In many rural pockets of India, it is now no longer a game played by men or elites, but by young, poor village women called Shweta, Sweety, Beauty, Kavita and Sapna. Bihar won in both the junior and senior categories at the Rugby National Championship in 2022, defeating Odisha in the former category and West Bengal in the latter.
It is a feat that has been a decade in the making — from a lone ranger coach’s search for talent to convincing conservative parents to send their daughters to explaining rugby to cricket-crazy Indians to getting the Bihar government to root for them.”
The man at the centre of this revolution is a civil servant named Pankaj Kumar: “As a state-level athlete, Pankaj Kumar was drawn to the beauty and power of the game. So when he got a government job under the state’s sports quota in 2012, popularising the sport in Bihar became his mission.
He started touring the state in his capacity as secretary of Bihar’s Athletics Association.
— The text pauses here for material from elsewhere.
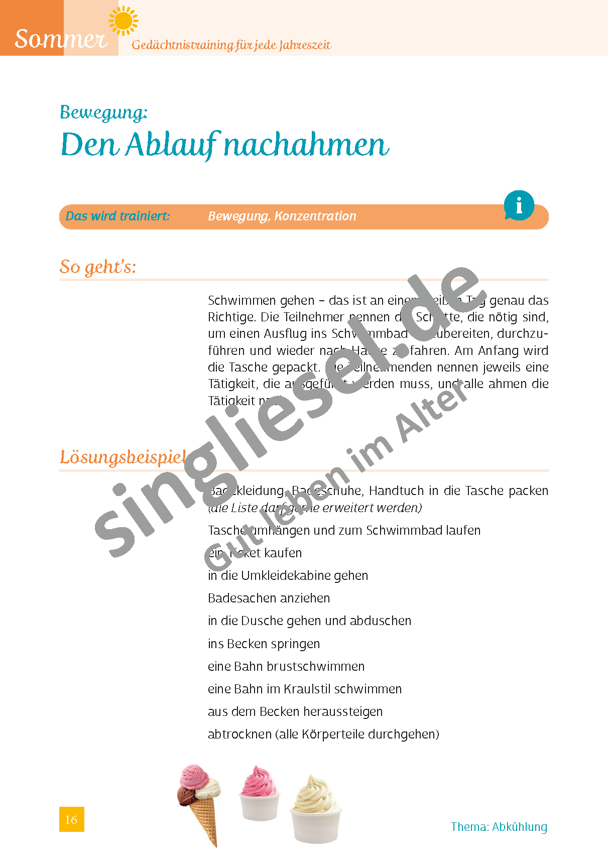 Sommer, Sonne, Eis und Urlaubszeit … Der Sommer bietet viele Anregungen für ein gelungenes Gedächtnistraining. Die Themenstunden lassen sich ohne viel Vorbereitungszeit und Material umsetzen.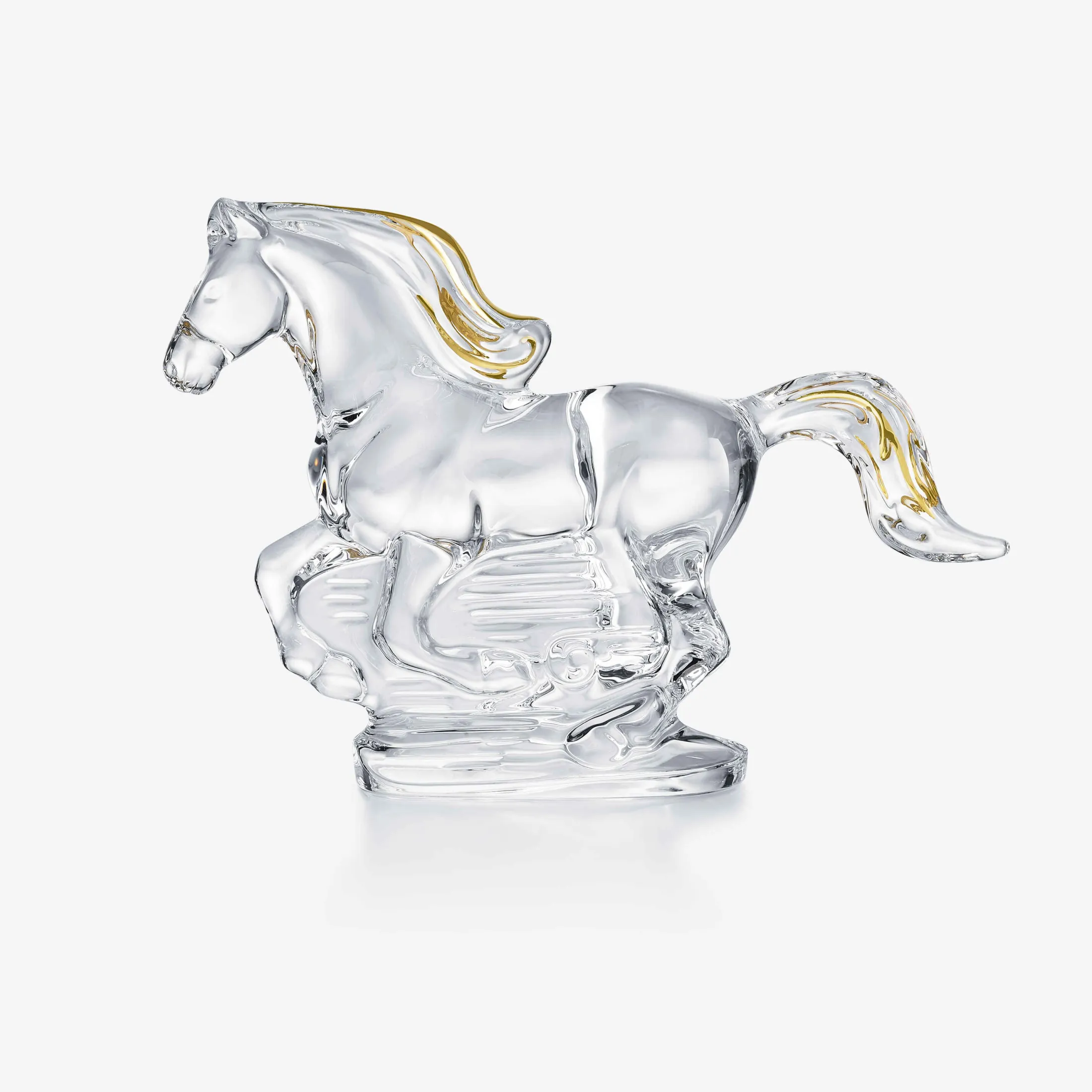 Baccarat celebrates the Year of the Horse with a creation full of spirit and vitality. Born from the expert craftsmanship of the Maison’s artisans, the Baccarat horse is sculpted in motion, mane flowing in the wind—embodying the boldness of those who forge their own path. Conceived by artist Allison Hawkes, the piece captures the power and refined grace of the horse, enhanced by the crystal’s scintillating reflections. The gold, which enhances its mane and tail, is delicately applied with the precision of Baccarat’s gilders.Emerging from the purity of crystal, the Baccarat Horse pays tribute to the fiery energy of the seventh animal in the Chinese zodiac, illuminating aspirations.

His mission was to find boys and girls with speed and strength. It was almost like a page out of the Bollywood blockbuster Chak De — the assembling of talent.”
Bihar’s girls have over the past five years won first national and then international recognition and a gaggle of medals. As a result, they have become household names in Bihar. For example, Sweety Kumari from the town of Barh: “Sweety has won international acclaim, bagging the International young player of the year award from Scrumqueens in 2019. She has also been dubbed the ‘fastest player in the continent’ by Asia Rugby, the governing body of the rugby union in Asia.”
As a result, Pankaj Kumar no longer has to beg parents to let their daughters play rugby.